4. Outliers & Extremes

  • Test Suite Gravity: The structural mass of roslyn is heavily skewed by massive, generated, or exhaustive test files. MergeNestedIfStatementsTests_WithOuter.cs (132k Mass) and CSharpRegexParserTests_ReferenceTests.cs (96k Mass) are structural leviathans. Do not attempt to refactor these to reduce cognitive load; they are designed for comprehensive coverage, not human readability.
  • The Hotspot Matrix (Volatility + Risk): Core compiler and language server integration points are highly volatile. ErrorFacts.cs (72.9% Churn), FileBasedProgramsProjectSystem.cs (71.8% Churn), and LanguageServerProjectSystem.cs are active battlegrounds. Changes to semantic diagnostics or LSP (Language Server Protocol) synchronization carry high operational risk.
  • Key Person Silos: Several massive embedded language test suites (e.g., Regex parsing) and structural refactorings are 100% isolated to single developers (Cyrus Najmabadi, David Barbet).
  • Design Slop: Files like InlineArrayTests.cs and ImplicitObjectCreationTests.cs contain hundreds of orphaned functions. These are explicit test methods invoked via reflection by the xUnit runner and should not be pruned.

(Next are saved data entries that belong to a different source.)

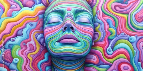 Colorful face portrait depicted in vibrant swirling rainbow patterns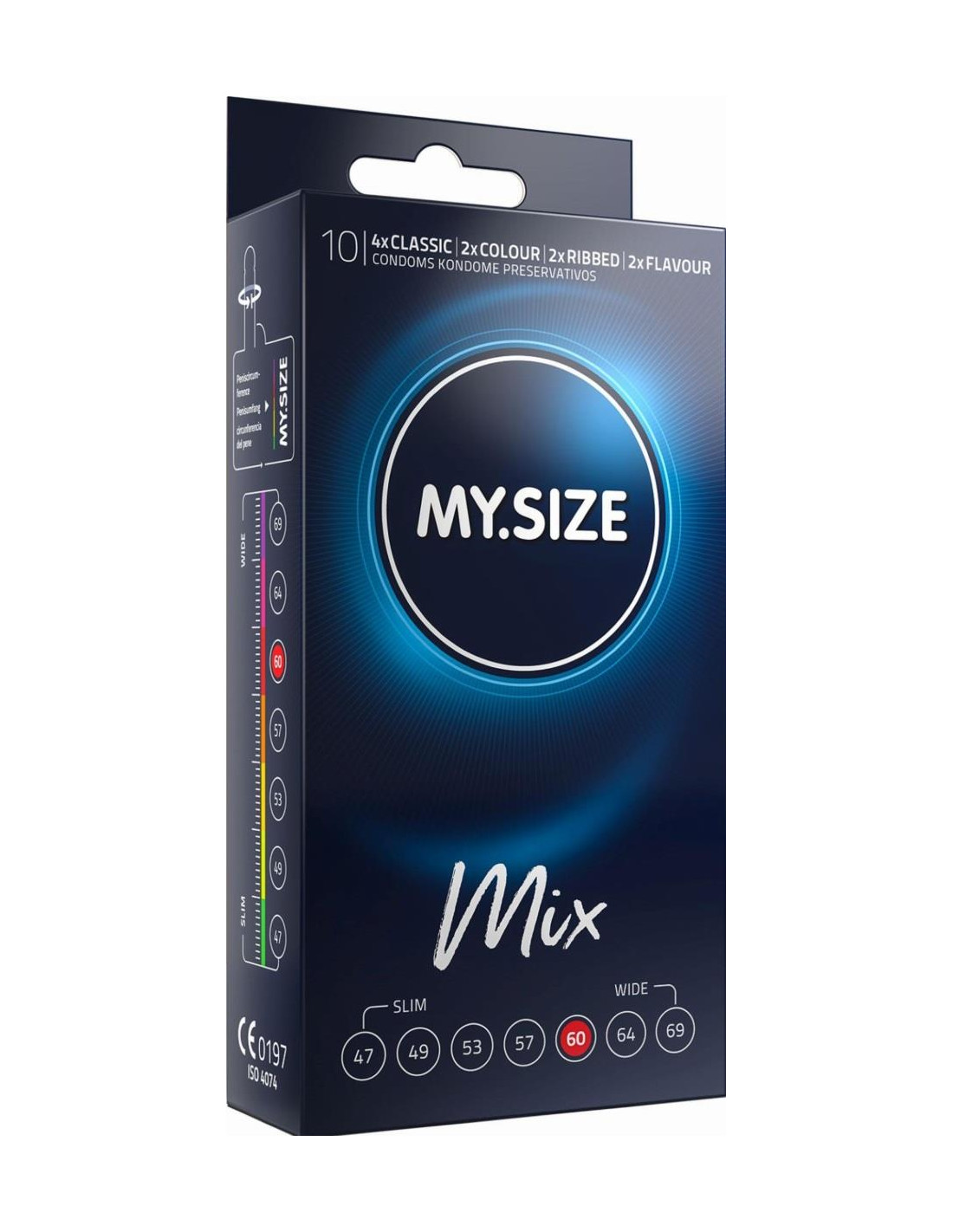 Ten mieszany pakiet zawiera 4 klasyczne prezerwatywy, 2 kolorowe, 2 prążkowane i 2 smakowe prezerwatywy.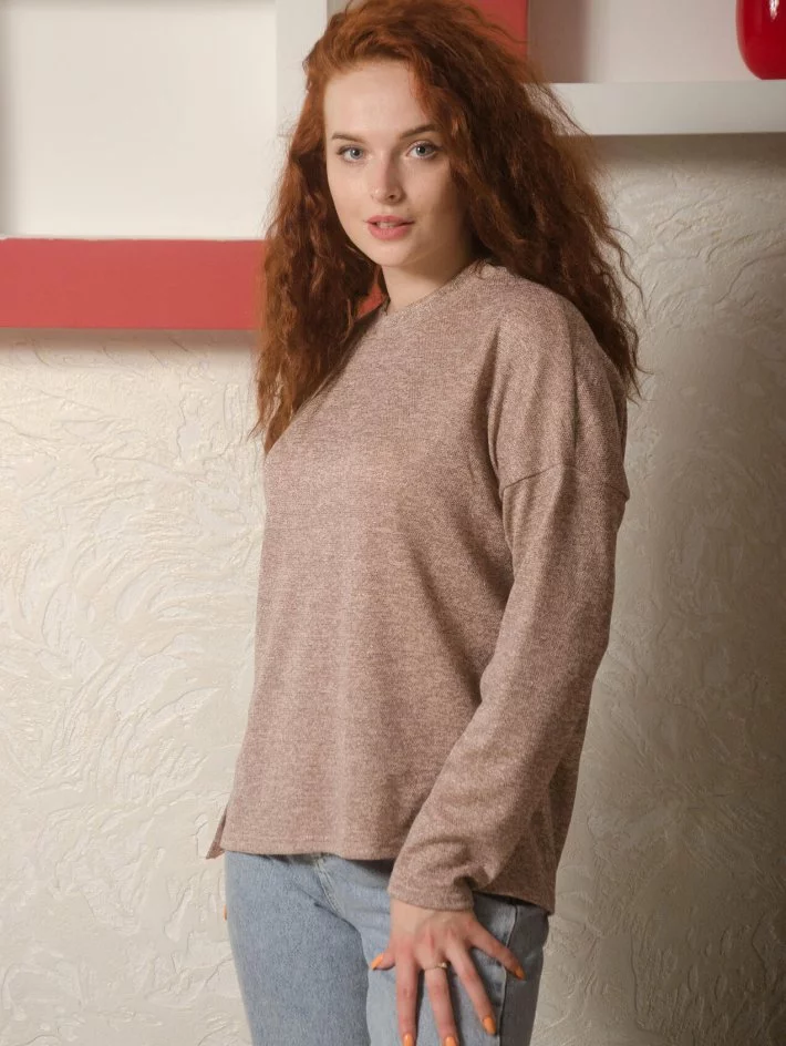 Кофта зі спущеною лінією плеча та оригінальним боковим швом з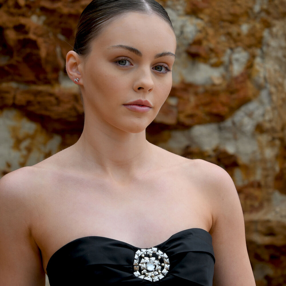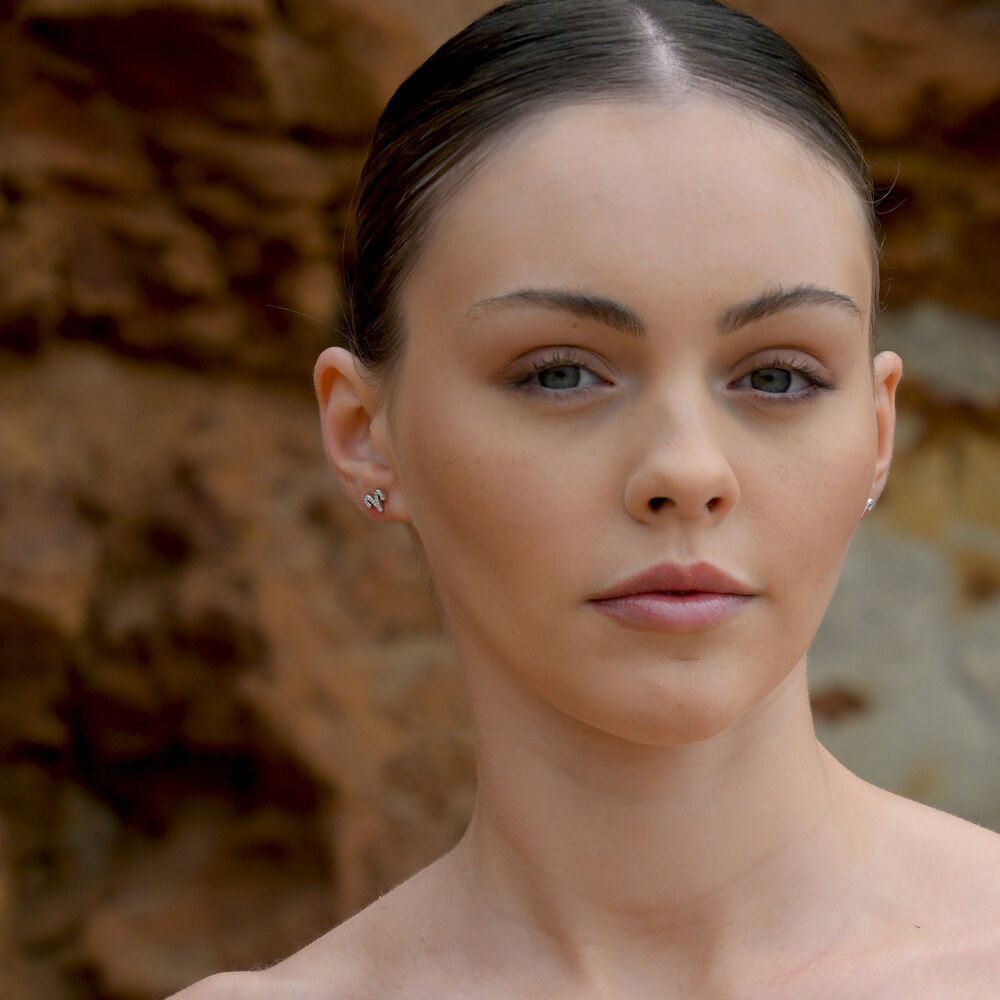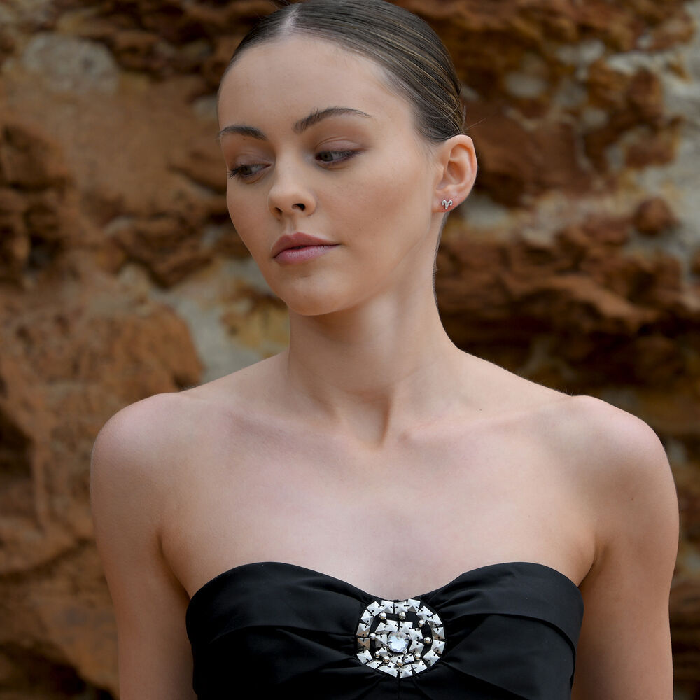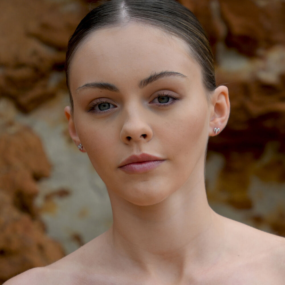 Each earring is meticulously crafted from solid sterling silver and finished with precious white rhodium plating, offering enhanced anti-tarnish protection and a brighter, more radiant silver shine. The surface is set with Australian cubic zirconia pavé, forming a delicate constellation of light that sparkles beautifully with every movement.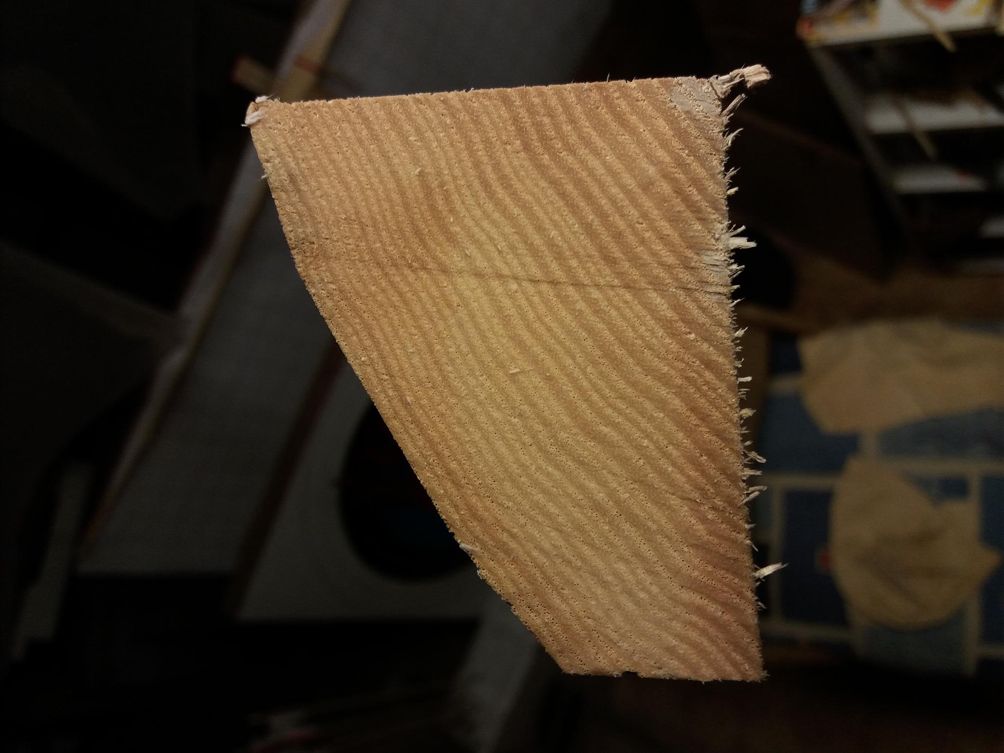 Jahresringe bei Esche freilegen ist nicht einfach, in der Mitte ist der Stave sehr dünn, unter 1,5 cm Dicke wird das nichts.

To stabilize the architecture and reduce cognitive load for ongoing maintenance, prioritize the following pragmatic actions:

  1. Document Blind Bottlenecks in the Syntax Factory: Address the 100% documentation risk in src/Compilers/CSharp/Portable/Syntax/SyntaxFactory.cs. As this is a critical "God Node" with a massive blast radius, ensuring all node generation APIs are fully documented will reduce the "House of Cards" error risk for downstream diagnostic analyzers.
  2. De-Silo the Language Server Protocol (LSP) Implementation: Given the extreme volatility and cognitive load in LanguageServerProjectSystem.cs and AbstractLanguageServerProtocolTests.cs, distribute domain knowledge regarding workspace synchronization to reduce the reliance on single contributors.
  3. Modularize the Semantic Binder: Binder_Expressions.cs is a monolithic orchestrator containing nearly 12k LOC. While rewriting the binder is unfeasible, establish stricter logical boundaries within the partial class for discrete expression types to lower the cognitive load required during semantic analysis debugging.